Me:  Savannah Banana, come here for a second!

Savannah:  Yes, mom?

Me:  Why is it important for you to be nice and smart and not just pretty?

Savannah:  Well, I like it when you call me pretty.  It’s just fun being pretty.

Me:  *blank stare* thinking to myself that it’s time to send her back to whatever it is a 8 year old writes her in diary

Savannah:  *cocks to the side and puts her hands on her non-existent hips, tilts her head as she looks up at the ceiling*

BUT, I DO like it when you call me smart too.  The kids at school make fun of me for being the 2nd smartest in class, but they are all just lazy and don’t even try.  I don’t really care what they think.  I like being smart because I know that I tried hard and learned something I didn’t know how to do before.  That means I can learn anything and do anything…that’s exciting! I’m going to be a …..

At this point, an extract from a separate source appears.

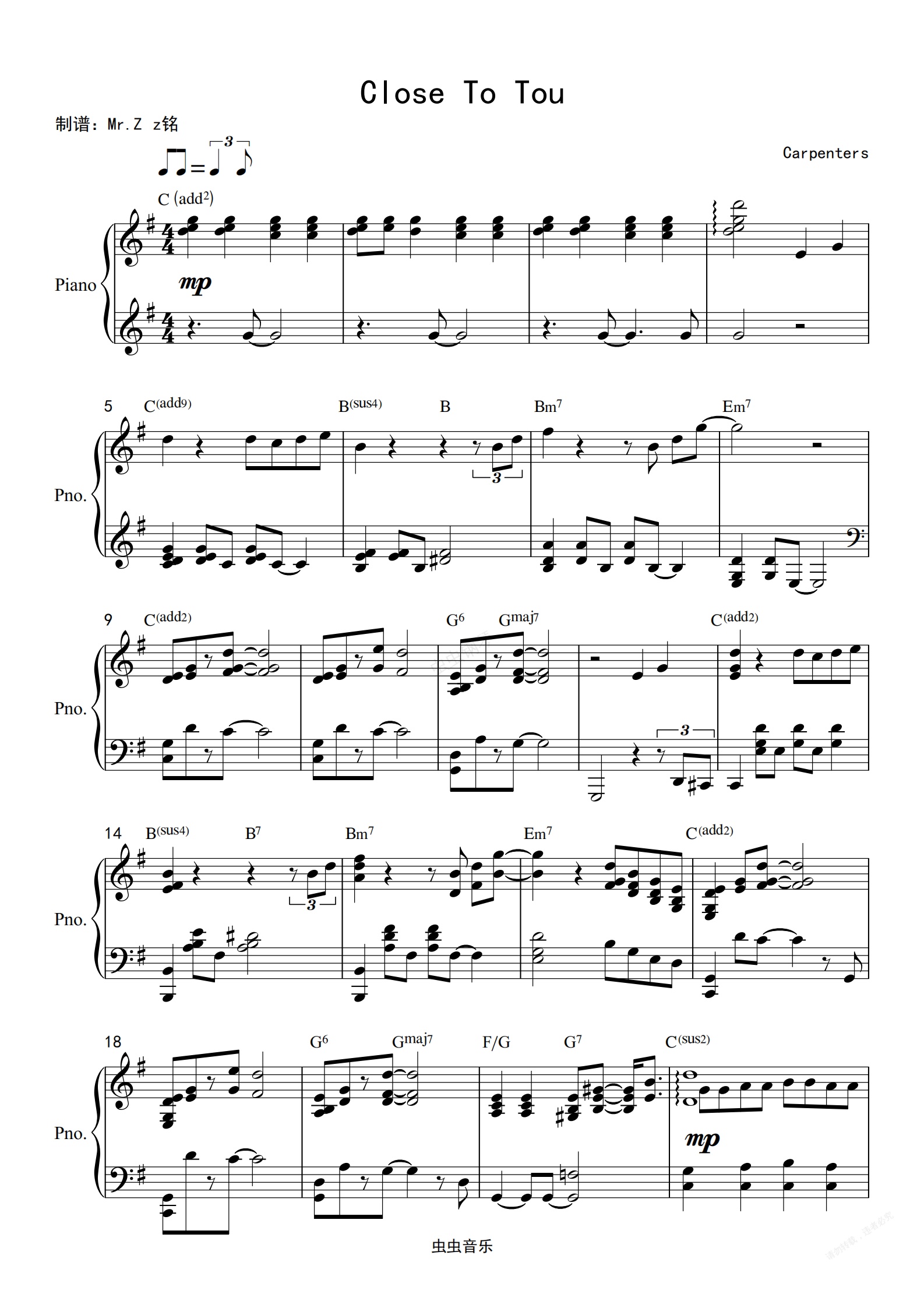 钢琴谱:德芙Close to you 爵士独奏曲

She starts rambling on about all the amazing careers she going to have as an adult, one of which was the new karate star Gabby Douglas…??  But, I honestly stopped listening, as I sat and stared in awe of my daughter.  She gets it!  Phew….thank goodness!  Even though it’s becoming increasingly difficult to pull her away from the mirror, it does not appear that I’m going to have much of a fight on my hands as she matures and need her to value her character and intellect as much as her appearance.  She has always been beautiful and she knows it.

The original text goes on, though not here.